S.M.: I recently read Bruno Munari in ‘Design as Art’ and agree that it’s the ‘ephemeral kind of beauty of crafted art work that offers a stable appreciation of authenticity’, a belief, as he says, in ‘a kind of man made nature’. This statement seems entirely convincing when I think of the ceramic sculptures by Luke Fuller, the surfaces of which investigate the conflation of unnatural, natural landscapes – most recently, Port Talbort, where his great grandfather was a steel miner.
Another statement that has such potency for me is, ‘when man ceases to create he ceases to live.’ (Lewis Mumford). This interestingly puts me in mind of Teresa Hastings’ personal creative and challenging journey to the foothills of the Indian Himalayas, where she has embarked on producing an ambitious tapestry project. Her aim is to develop her practice with a zero impact on animal or nature, whilst collaborating with traditional local artisans and supporting the use of local materials. She faces daily toiles in the simplest of activities due to dramatic weather patterns and logistical difficulties, enduring physical exhaustion through washing wools, spinning and dying. Will these tapestries, destined for the FOG art fair in San Francisco, resonate with these extraordinary events? I suspect a resounding yes; but they also offer a deeper spiritual story, ‘an ephemeral kind of beauty’, that is experienced through abstract materiality, sensory touch and sculptural craft complexity. Life, for Teresa, is quite literally creating in the most astonishing way!

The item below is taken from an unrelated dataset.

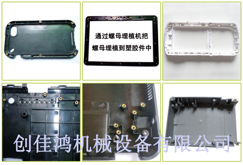 廣泛應(yīng)用于:手機(jī)、手提電腦、多種塑膠外殼、通信、微電機(jī)、電腦、電器、電子、玩具、鐘表、燈飾、汽車(chē)等行業(yè)手機(jī)外殼螺母熱熔、埋植、植入。

John Makepeace OBE is a resolute exemplar of this kind of contemporary renaissance craft person that I have talked about in this conversation. He is an inspiration to us all. From setting up Parnham College of furniture with Bauhaus principles, to the creation of Hooke Park, an ambitious woodland project that inspired many to follow in his footsteps and develop businesses engaged in sustainable practices. And now, in his zenith, John has developed a ten-year programme with the V&A Museum to educate us in how to use natural materials in contemporary design. Such events are harmoniously balanced with his practice as a furniture maker and when you look, touch and respond to his work, it’s these achievements that resonate. He once said that ‘a significant part of our being needs to be sustained by tangible objects which enrich our sensibilities’. This is unquestionably true.